● TASK TO CARRY OUT: From first line to last, copy the listing exactly and omit its pictures.

● DATA BLOCK:
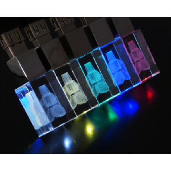 USB Flashdrive with 3D image inside lit by LED light - Red, blue, white or green and brushed stainless steel metal lid with matt finish
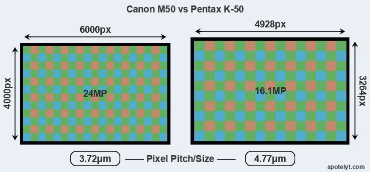 | Sensor Specs | Canon M50 | Pentax K-50 |
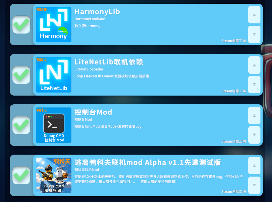 如果您还安装了其他 MOD,请确保图示的四个 MOD 位于最上方,并且顺序和图中保持一致。

● RESULT FOR THIS TASK:
 USB Flashdrive with 3D image inside lit by LED light - Red, blue, white or green and brushed stainless steel metal lid with matt finish
 | Sensor Specs | Canon M50 | Pentax K-50 |
 如果您还安装了其他 MOD,请确保图示的四个 MOD 位于最上方,并且顺序和图中保持一致。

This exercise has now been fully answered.